Mark our resident guru from the Carolina's will be along to comment I'm sue but IIRC there are 3 different sending units / gauge combinations. In one gauge Full = 280 or something Ohms and empty.
0 Ohms resistance. Another one readings were reversed. You do need to have them match. I think there is a Wiki or search on gas gauge and you can find it.
 
I haven't seen Kim (a.k.a. Regularman) post in a while. You may want to send him a PM so he can clarify the points Jim mentions above.

Until you hear from him I can at least confirm that you are correct in your assumptions that you cannot mix the gauge system components that operate without the voltage stabilizer with those that do. As Jim pointed out, the sending unit resistance range is different and the resistance changes in different directions as the tank is filled.
 
Thanks for the replies. I've surrendered to the fact that the fuel gauge components must be electrically the same. Will a locking-ring style fuel sending unit mechanically mount in an older screw-mount style fuel tank? I've read 50 threads mentioning fuel gauges and stabilizers but this mechanical aspect has never been mentioned.
 
The locking ring version will not fit directly. You can make a retainer ring with a hole pattern to match the tank. I've done this on one of my cars.
 
The early sprites used a 2530/31 Smith gauge.....the sending unit reads approximately 0 to 90 ohms. 0 ohms for an empty tank and 90 ohms for a full tank. The later sprites used units which operate in the opposite configuration. Scott in CA
 
You may want to consider changing tanks if yours is the least suspect since the later tank's increased fuel capacity. A friends motorcycle has more fuel capacity than my spridget's. Course I get as good or better mileage!

Kurt.
 
In the spirit of practicality, I would like to find an original FG2530 fuel gauge that will work with my original tank and sender (I have a '62 Midget Mk1). It appears the MGA used an FG2530/05, the MGB used either the FG2530/63 or FG2530/70, and Triumphs used the FG2530/20. Can these different dash numbers be interchanged? I'm only worried about functionality, not whether it says Smiths or Jaeger, or if the glass or chrome bezel were a little different (I already have these to match my existing gauges). Thanks!
 
The early gauges without the stabilizer can be calibrated to match your early sending unit regardless of what the original application is/was.

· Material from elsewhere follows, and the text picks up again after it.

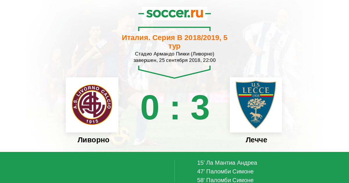 Протокол матча Ливорно против Лечче

Visit Barney Gaylord's MGA-Guru web site and read through his fuel gauge articles. He both explains how the early gauges work and how to calibrate them. Start with the link below and read through the subsequent pages for all the details on the early fuel gauge. You do not have to build his calibration box nor do you need to buy calibration resistors. Simply use your existing sending unit (out of the tank if possible) so you get your gauge calibrated to match your sending unit. Pay attention to where the wires connect to the gauge and make sure both the gauge and sending unit have good ground connections. That is imperative for the early gauges to work correctly.
https://mgaguru.com/mgtech/electric/fg_01.htm
 
I moved the electromagnets in the fuel gauge on my Mark I Mini (which is part of the entire instrument pod). Very similar mechanism (though mine didn't have the resistor). It doesn't take much of a tweak to affect the sweep of the needle (and I'd eliminated all other issues). One does need to be very careful with those delicate wires (and avoid them altogether). It came out great.